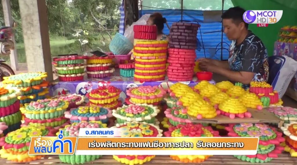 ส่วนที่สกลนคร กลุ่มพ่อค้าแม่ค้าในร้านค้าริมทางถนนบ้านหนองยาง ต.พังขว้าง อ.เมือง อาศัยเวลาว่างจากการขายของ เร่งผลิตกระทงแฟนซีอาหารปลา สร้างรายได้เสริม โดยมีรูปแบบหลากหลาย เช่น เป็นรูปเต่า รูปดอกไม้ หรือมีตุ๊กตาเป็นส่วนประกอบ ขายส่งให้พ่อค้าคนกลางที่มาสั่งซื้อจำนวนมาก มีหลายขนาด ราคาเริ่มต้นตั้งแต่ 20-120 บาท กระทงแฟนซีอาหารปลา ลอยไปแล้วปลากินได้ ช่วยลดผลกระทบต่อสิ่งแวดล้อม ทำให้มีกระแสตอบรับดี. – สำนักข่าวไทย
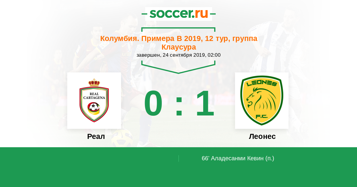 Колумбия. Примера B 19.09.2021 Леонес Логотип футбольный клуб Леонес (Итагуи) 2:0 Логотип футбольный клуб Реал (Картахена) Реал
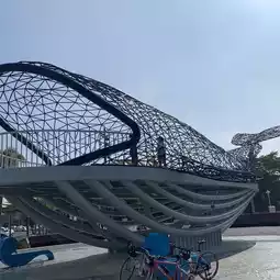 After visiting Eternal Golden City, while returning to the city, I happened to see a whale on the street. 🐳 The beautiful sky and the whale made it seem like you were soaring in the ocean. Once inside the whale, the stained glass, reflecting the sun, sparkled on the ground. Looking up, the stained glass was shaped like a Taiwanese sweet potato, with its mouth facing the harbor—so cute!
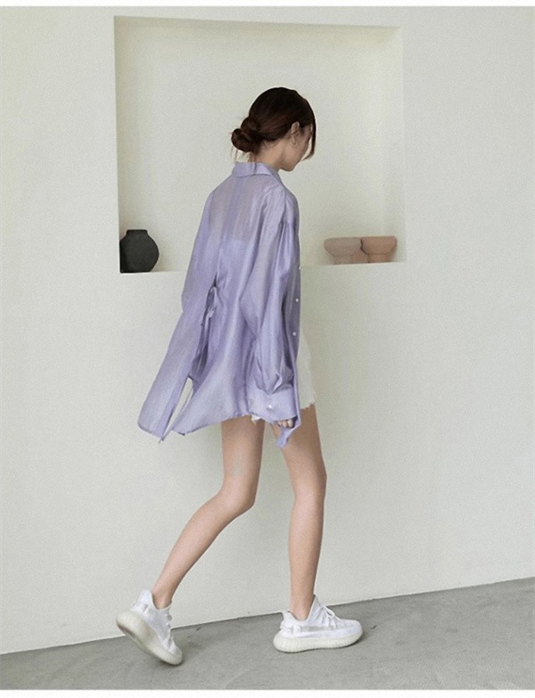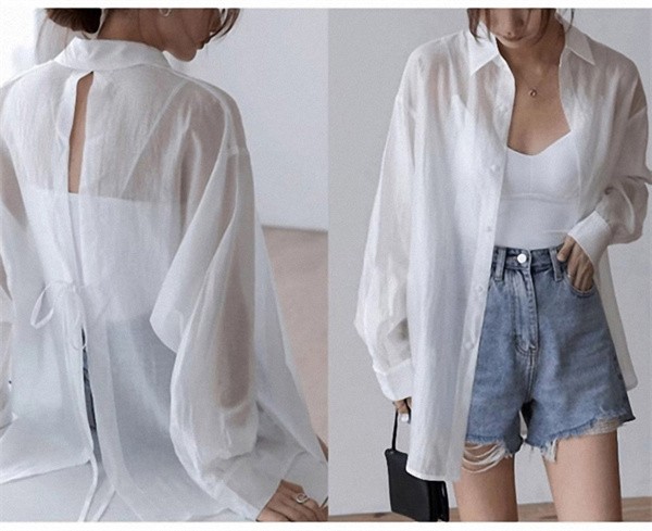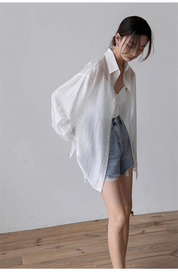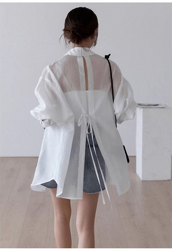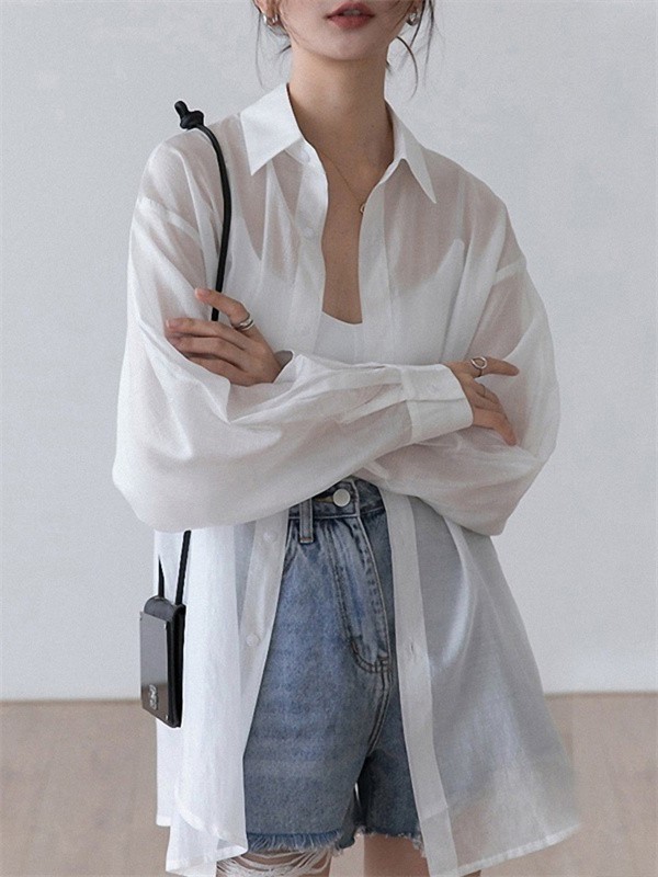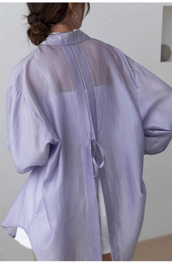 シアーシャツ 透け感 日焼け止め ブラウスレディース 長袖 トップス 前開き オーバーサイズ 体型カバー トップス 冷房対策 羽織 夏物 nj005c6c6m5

------------------------------------

** Brief **
Once the pictures are set aside, what is needed is the lines from the line with "After visiting Eternal" through the end of the data, written out exactly and alone.

** Output of the exercise **
 After visiting Eternal Golden City, while returning to the city, I happened to see a whale on the street. 🐳 The beautiful sky and the whale made it seem like you were soaring in the ocean. Once inside the whale, the stained glass, reflecting the sun, sparkled on the ground. Looking up, the stained glass was shaped like a Taiwanese sweet potato, with its mouth facing the harbor—so cute!
 シアーシャツ 透け感 日焼け止め ブラウスレディース 長袖 トップス 前開き オーバーサイズ 体型カバー トップス 冷房対策 羽織 夏物 nj005c6c6m5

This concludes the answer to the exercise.